How family decisions affect the economy – and vice versa

Economist Prof. Alexander Ludwig the spokesman of the new research unit “Macroeconomic Implications of Intra-Household Decisions”. (Photo: Dettmar)

Singles, couples, single parents, families with one child or with several – private households can look very different. A new research unit at Goethe University wants to find out how the individual behavior of households influences the overall economic situation and family policy – and vice versa.

The way in which income, consumption and wealth are distributed in an economy has a lot to do with decisions made within individual households. The research unit “Macroeconomic Implications of Intra-Household Decisions” will take a close look at the behavior of individual household members with regard to consumption, employment and investment opportunities, and explore their interaction. The German Research Foundation (Deutsche Forschungsgesellschaft, DFG) will fund the research with 2.44 million euros for an initial period of four years. The spokesman of the research group, which consists exclusively of Frankfurt economists, is Prof. Alexander Ludwig, Professor of Public Finance and Macroeconomic Dynamics at Goethe University. The other members are Georg Dürnecker, Professor of International Trade, Development and Growth; Leibniz Prize winner Nicola Fuchs-Schündeln, Professor of Macroeconomics and Development; Leo Kaas, Professor of Economics, in particular Macroeconomics and Labor Markets, and the research unit’s deputy spokesperson; as well as junior researchers Chiara Lacava and Dr. Zainab Iftikhar, who also specialize in research related to labor and family economics.

“Traditional macroeconomic models do not take into account the dynamics in private households, each of which is represented by a single member. Using complex economic models, we can now introduce interactions between the individual household members into macroeconomic models,” explains Prof. Ludwig, adding that, in this way, the group’s research will contribute to gaining an even better understanding of the microeconomic foundations of macroeconomics. The group intends to examine the topic of inequality not just between, but also within individual households – including, for example, the unequal distribution of income between men and women.

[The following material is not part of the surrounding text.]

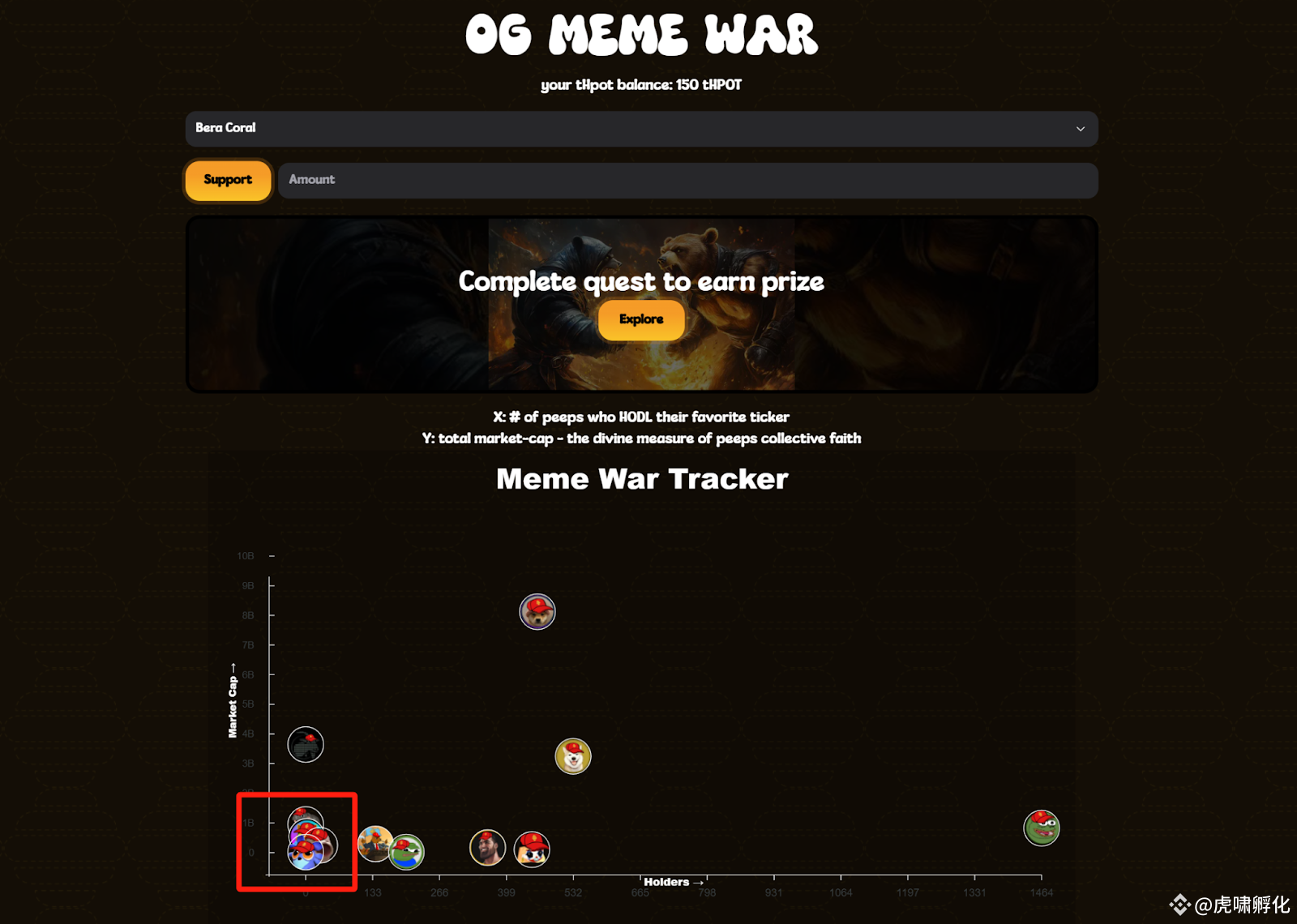 找到 Pop2pump,去导航栏上的 Meme War。或直接在坐标系上选择 Coral 的 meme 符号,或在搜索栏上搜索 ‘Bera Coral’ 。

The research is divided into eight projects, each of which will address different topics. As such, one of them focuses on the question of how the possibility of freezing eggs and thus postponing the realization of the desire to have a child can influence women’s work biographies. Some companies offer to cover the costs of this procedure to keep the workforce in the company. But what is the impact on women, or on the economy as a whole? Other topics include the effects of the intra-family division of labor on the income situation of individuals, and the interrelation between housing policy measures and families’ housing decisions.

The researchers hope their work will fundamentally enrich our knowledge of how economic measures work, and in how far tax and transfer payments influence decisions on labor supply, savings, fertility and housing demand. In so doing, they will examine the measures’ macroeconomic efficiency as well as their distributional effects. To illustrate these relationships, the research will focus, for example, on the extent to which labor-market specialization of one partner in a family – caused, e.g., by the birth of a child or by tax policy measures such as spousal splitting tariffs (as prevalent in Germany) – leads to greater inequality between men and women, and the extent to which this either has a negative impact on overall economic efficiency – by reducing women’s labor force participation, for instance – or in fact has a positive effect, since greater specialization increases the labor productivity of the household’s main breadwinner.